Setting Up Docker CI for Rust Projects

Learn how to configure a complete Docker CI pipeline for Rust projects with multi-architecture support and automated releases.

Wayne Lau

  ·  3 min read

Rust CI #

CI #

There are a few stages to get a Docker CI pipeline for Rust

dist #

This is usually the starting point, its quite easy to get started.

The main guide is here.

release.yml #

# the rest comes from dist generate
  custom-docker-publish:
    needs:
      - plan
      - announce
    uses: ./.github/workflows/docker-publish.yml
    with:
      plan: ${{ needs.plan.outputs.val }}
      # i added this so that its easier to automate and apply to other repos
      binary_name: mock-openai
    secrets: inherit
    permissions:
      "contents": "read"
      "packages": "write"

dist-workspace.toml #

Post-announce-jobs does what it says, after announcement of release, trigger the docker yaml.
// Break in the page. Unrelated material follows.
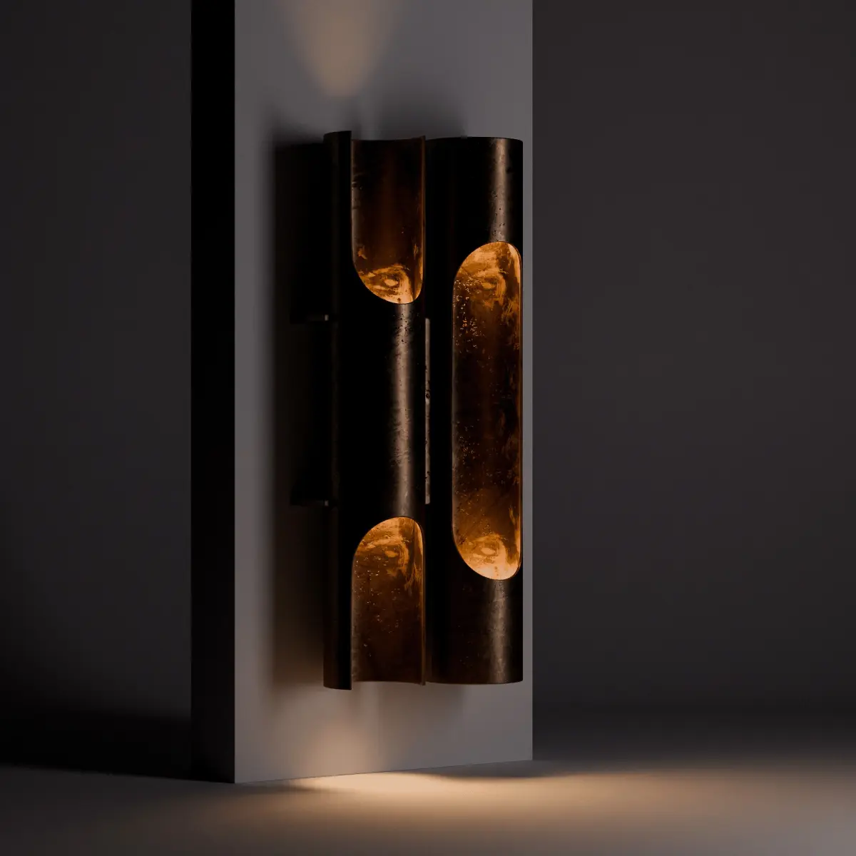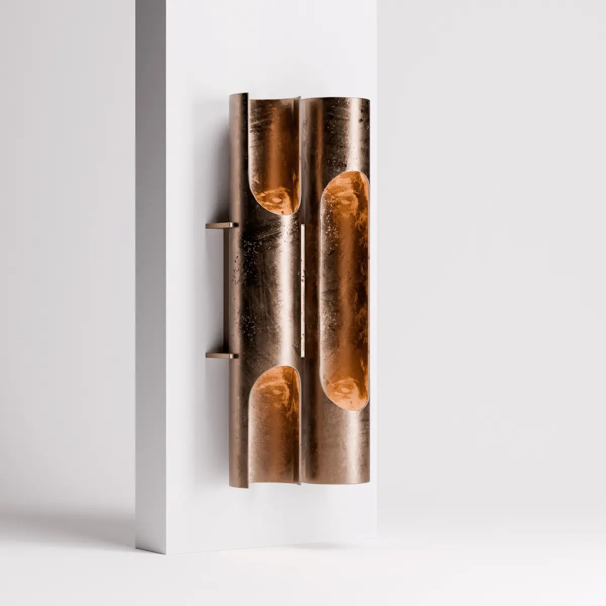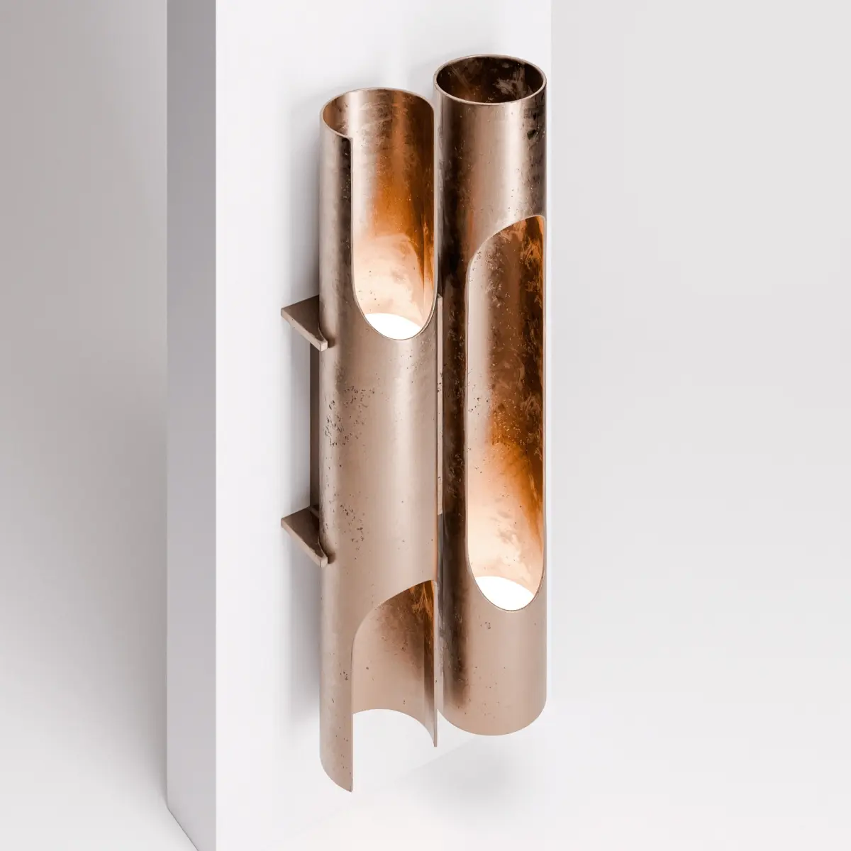 This Art Deco Wall Sconce from the 1930s showcases a sleek, modernist design. The fixture consists of two polished metal tubes with a curving, elongated form. The tubes are mounted on a brass base and are designed to diffuse light through their open, cut-out sections, highlighting the smooth, reflective surface. The design is minimal yet elegant, embodying the luxurious and geometric aesthetics typical of Dutch Art Deco during that period.

github-custom-job-permission was due to an error having not enough permissions on my docker workflow.

post-announce-jobs = ["./docker-publish"]
# Permissions for docker-publish workflow
github-custom-job-permissions = { "docker-publish" = { packages = "write", contents = "read" } }
# found this needed to add the binary name
allow-dirty = ["ci"]

docker workflow #

I think the pattern for this is quite generic, but use the announcement tags to help with the versioning.

name: Docker Publish

on:
  workflow_call:
    inputs:
      plan:
        required: true
        type: string
        description: "The dist plan JSON"
      binary_name:
        required: true
        type: string
        description: "The name of the binary produced by cargo-dist"
      target_triple_suffix:
        required: false
        type: string
        default: "unknown-linux-musl"
        description: "The target triple suffix used in artifact names (e.g. unknown-linux-musl or unknown-linux-gnu)"

jobs:
  docker-publish:
    runs-on: ubuntu-22.04
    # Only run for actual releases
    if: ${{ fromJson(inputs.plan).announcement_tag != '' }}
    steps:
      - uses: actions/checkout@v4
        with:
          persist-credentials: false

      # these steps are quite generic
      - name: Set up QEMU
        uses: docker/setup-qemu-action@v3

      - name: Set up Docker Buildx
        uses: docker/setup-buildx-action@v3

      - name: Log in to GHCR
        uses: docker/login-action@v3
        with:
          registry: ghcr.io
          username: ${{ github.actor }}
          password: ${{ secrets.GITHUB_TOKEN }}

      # need the version as ARG for the Docker build
      - name: Extract version from plan
        id: version
        run: |
          TAG='${{ fromJson(inputs.plan).announcement_tag }}'
          echo "version=${TAG}" >> "$GITHUB_OUTPUT"
          echo "tag=${TAG}" >> "$GITHUB_OUTPUT"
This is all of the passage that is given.